More Analysis of the Proposed Regulations to Suspend Safe Harbor Nonelective Contributions
In mid-May we discussed how proposed Treasury Regulation [REG11569909] Suspension or Reduction of Safe Harbor Nonelective Contributions provides for the Suspension or Reduction of Safe Harbor Nonelective Contributions Mid-Year for both a traditional safe harbor plan and a qualified automatic contribution arrangement (QACA). The proposed regulations provide similar guidance to eliminating the safe harbor nonelective contributions that already exist for Mid-Year Safe Harbor Matching Contribution Changes. Unlike reducing or eliminating the match, the nonelective contribution may only be eliminated if there is a substantial business hardship. Needed Relief for Suspension of Safe Harbor Nonelective Contributions ArrivesWith a Catch raises concerns with the fourth substantial business hardship requirement that "it is reasonable to expect that the plan will be continued only if the waiver is granted":
While it appears likely that many plan sponsors would meet the first three criteria during these turbulent economic times, the last factor may not apply in many cases and, without further guidance, we do not know how much weight the IRS will give it. In fact, in a recent newsletter discussing the May guidance, the IRS does not list this last factor at all. Perhaps the IRS will provide further insight on the importance of this last factor in connection with finalizing this guidance.

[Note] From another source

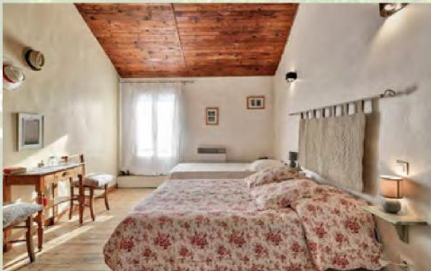
La Treille Dorée Gîte

Les charmes et les équipements de qualité des 11 gîtes de l'Oustaou du Luberon définissent l'état d'esprit de la vie provençale. Ici, les styles s'associent sans jamais renoncer au confort moderne.

Proposed Regulations on "Exiting" Safe Harbor Nonelective Issued discusses how the proposed regulations can be combined with the Maybe Nonelective Notice to provide more employer discretion:
Therefore, if the employer wishes to have total discretion regarding the use of the safe harbor nonelective during the plan year, the employer must use the maybe notice, which permits the employer total discretion whether to commit to the safe harbor nonelective during the plan year. The new proposed exiting rules thus complement and work in tandem with, but do not replace, the maybe notice option. The IRS has requested comments on the proposed regulations, and is considering imposing an additional requirement as to the minimum notice content requirements, that would include a specific requirement to describe the possibility of exiting the safe harbor contributions (which, under the proposed regulations, now would apply both to the safe harbor match and the safe harbor nonelective).
It also notes how, if certain requirements (substantial business hardship, acquisition or disposition) are met, plan termination will allow the plan to maintain its safe harbor status in the year of termination, how the IRC Section 401(a)(17) compensation limit ($245,000 in 2009) must be prorated as of the date of the reduction or elimination of the contribution (potentially creating problems for plans that fund contributions throughout the year), and how the plan will face Potential Top Heavy Testing Issues (which, combined with the added nondiscrimination testing requirements of no longer being a safe harbor, could add additional administration expenses).
Sponsors were eligible to begin relying on the proposed regulations for amendments adopted after May 18. You should note the amendment requirement and how it is not consistent with the traditional end of the plan year amendment discretionary rules.